→ WHAT TO WORK ON
Please transcribe the listing that follows exactly; images are to be excluded.

→ COLLECTED DATA
.....

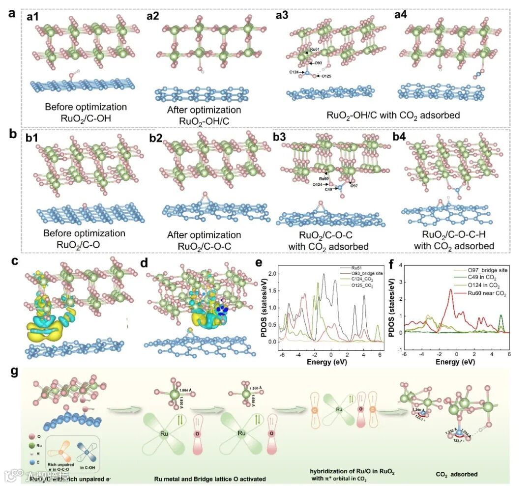 理论计算证明结构优化后碳载体的羟基官能团会跃迁到钌位点,且-OH和C=O基官能团附近会显著吸附活化CO2分子,使其键长变长,分子发生弯曲,而远离官能团的位点,CO2分子难以吸附。分波态密度计算表明在羟基的影响下,RuO2晶格氧的O 2py/2pz会与CO2中C 2py/2pz发生轨道杂化,而在羰基的作用下,Ru的 dxz/dyz/dz2 轨道与CO2的O 2px轨道发生杂化,产生电荷转移。这一结果表明,在材料制备过程中碳的未成对电子转移到了钌和晶格氧位点,激活了桥位氧和钌金属中心,使得Ru-O键变长。激活的钌和晶格氧可与CO2分子发生轨道杂化,并向CO2反键轨道注入电子活化CO2分子,使其键长变长并发生弯曲。
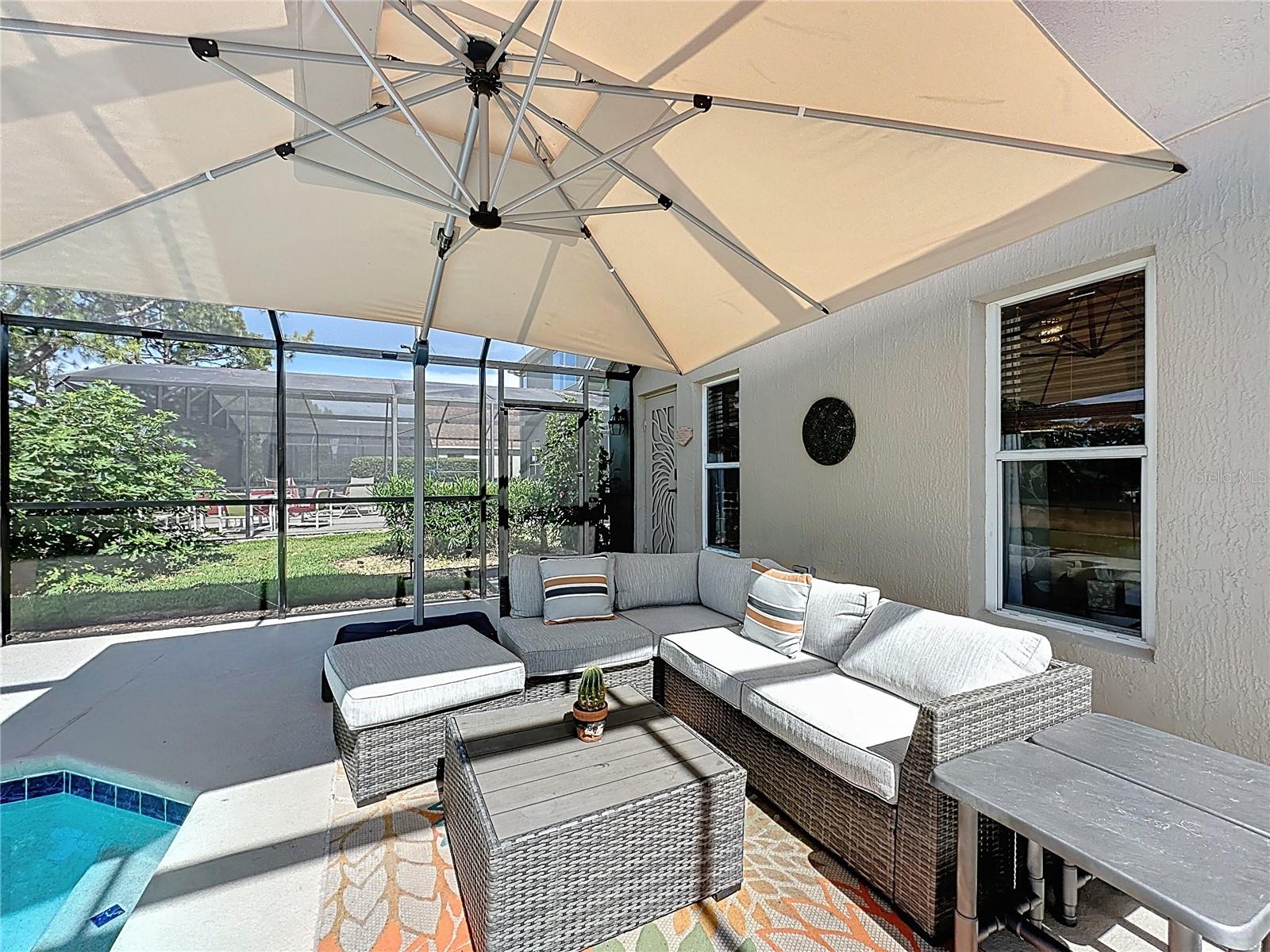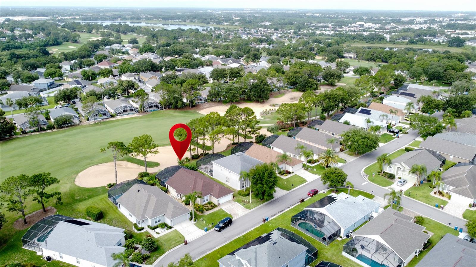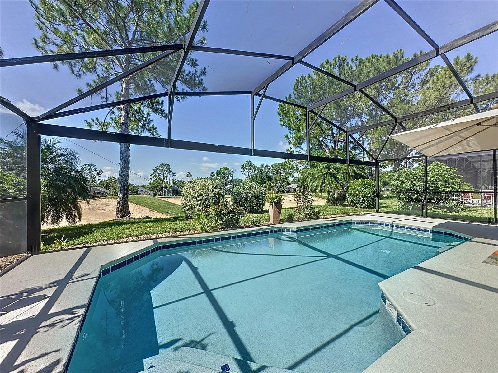 ADJUSTED PRICE, GREAT VALUE FOR MONEY! Stunning Golf course home in the prestigious golf community of Southern Dunes. *2018 ROOF * 2022 AC * WHOLE HOUSE WATER FILTRATION SYSTEM* PANORMAIC POOL SCREEN WITH GOLF COURSE VIEW*. This home shows real pride of ownership. Solid surface counters, luxurious new carpet and custom cabinetry in the dining area make you feel like you want to relax and stay a while. The refinished pool deck is south facing and features a PANORAMIC POOL SCREEN to really take in the beautiful GOLF COURSE VIEW. The lanai has a beautiful covered area for relaxing and enjoying the view of the course. The layout of this home is wonderful with two master suite's (Primary bath has pool access) and 2 additional bedrooms, making this perfect as a vacation rental investment winter home or permanent residence. Both bathrooms have had elegant upgrades including vanities with granite counters. The home is offered with some furniture and has a relaxing and elegant feel to it in one of the areas premier golf communities. Located in the highly acclaimed, 24-hour guard-gated Southern Dunes Golf & Country Club, the community also offers TENNIS COURTS, a CLUBHOUSE, PLAYGROUND and more. Shops, restaurants, and daily conveniences are just minutes away, with easy access to both Orlando and Tampa, the Gulf and Atlantic beaches, and major airports. Fairway homes of this standard are rarely available so come and see it for yourself today, You'll be glad you did!
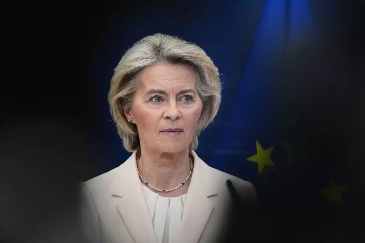 European Commission President Ursula von der Leyen speaks during a media conference at EU headquarters in Brussels, Belgium, Monday, March 2, 2026. (AP Photo/Virginia Mayo)

.....

→ TASK ANSWER
 理论计算证明结构优化后碳载体的羟基官能团会跃迁到钌位点,且-OH和C=O基官能团附近会显著吸附活化CO2分子,使其键长变长,分子发生弯曲,而远离官能团的位点,CO2分子难以吸附。分波态密度计算表明在羟基的影响下,RuO2晶格氧的O 2py/2pz会与CO2中C 2py/2pz发生轨道杂化,而在羰基的作用下,Ru的 dxz/dyz/dz2 轨道与CO2的O 2px轨道发生杂化,产生电荷转移。这一结果表明,在材料制备过程中碳的未成对电子转移到了钌和晶格氧位点,激活了桥位氧和钌金属中心,使得Ru-O键变长。激活的钌和晶格氧可与CO2分子发生轨道杂化,并向CO2反键轨道注入电子活化CO2分子,使其键长变长并发生弯曲。
 ADJUSTED PRICE, GREAT VALUE FOR MONEY! Stunning Golf course home in the prestigious golf community of Southern Dunes. *2018 ROOF * 2022 AC * WHOLE HOUSE WATER FILTRATION SYSTEM* PANORMAIC POOL SCREEN WITH GOLF COURSE VIEW*. This home shows real pride of ownership. Solid surface counters, luxurious new carpet and custom cabinetry in the dining area make you feel like you want to relax and stay a while. The refinished pool deck is south facing and features a PANORAMIC POOL SCREEN to really take in the beautiful GOLF COURSE VIEW. The lanai has a beautiful covered area for relaxing and enjoying the view of the course. The layout of this home is wonderful with two master suite's (Primary bath has pool access) and 2 additional bedrooms, making this perfect as a vacation rental investment winter home or permanent residence. Both bathrooms have had elegant upgrades including vanities with granite counters. The home is offered with some furniture and has a relaxing and elegant feel to it in one of the areas premier golf communities. Located in the highly acclaimed, 24-hour guard-gated Southern Dunes Golf & Country Club, the community also offers TENNIS COURTS, a CLUBHOUSE, PLAYGROUND and more. Shops, restaurants, and daily conveniences are just minutes away, with easy access to both Orlando and Tampa, the Gulf and Atlantic beaches, and major airports. Fairway homes of this standard are rarely available so come and see it for yourself today, You'll be glad you did!
 European Commission President Ursula von der Leyen speaks during a media conference at EU headquarters in Brussels, Belgium, Monday, March 2, 2026. (AP Photo/Virginia Mayo)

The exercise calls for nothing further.